A year ago, a jury in federal court in Louisiana ordered Takeda to pay $6 billion and Lilly to pay $3 billion in punitive damages to a New York state man, Terrence Allen, and his wife, who alleged Mr. Allen’s use of Actos caused his bladder cancer.

The jury, which concluded the companies failed to provide adequate warnings about a risk of bladder cancer associated with Actos, also awarded $1.48 million in compensatory damages, of which Takeda and Lilly were ordered to pay 75% and 25%, respectively.

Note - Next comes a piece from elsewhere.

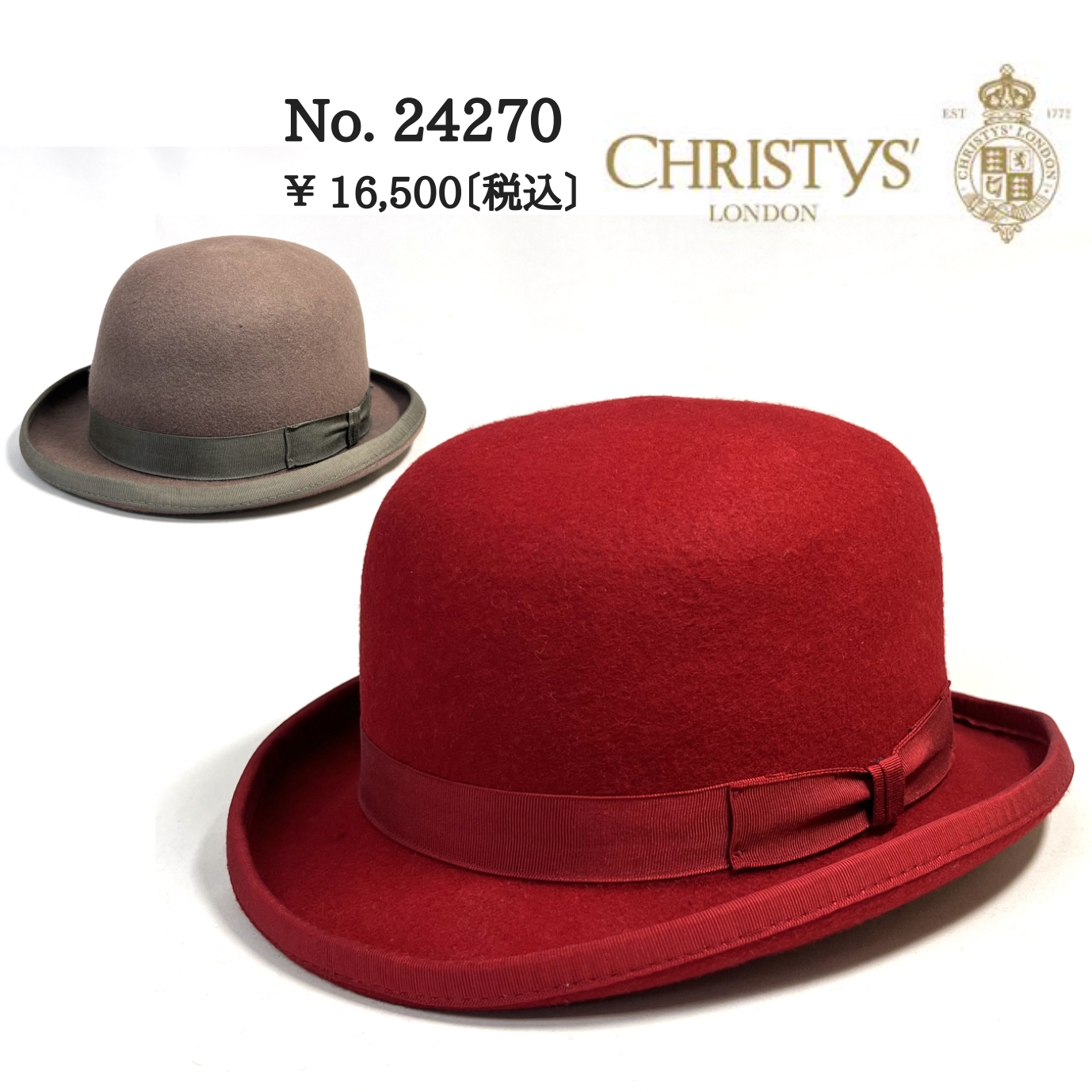 帽子 普通サイズ CHRISTYS' LONDON 帽子 ボーラーハット クリスティーズロンドン ダービーハット フェルトハット メンズ レディース 秋冬

The drug makers challenged the awards. In an October ruling, a federal judge said the $9 billion was excessive, and reduced the amounts to $27.7 million against Takeda and $9.2 million against Lilly. The judge cited previous U.S. Supreme Court rulings establishing constitutional limits on punitive damages. Compensatory damages were reduced to $1.3 million.

One legal expert said some plaintiffs may not agree to participate in the settlement.

“I think there will be a substantial number of holdouts because somebody who has a more serious case may believe they are likely to receive more,” said Erik Gordon, a professor at the University of Michigan Ross School of Business. “The people most likely to get the big verdict are not likely to take this money. And that’s why Takeda put $300 million in charges above the $2.4 billion set aside for settlements.”

Takeda said the settlement will become effective if 95% of current litigants and claimants opt into it.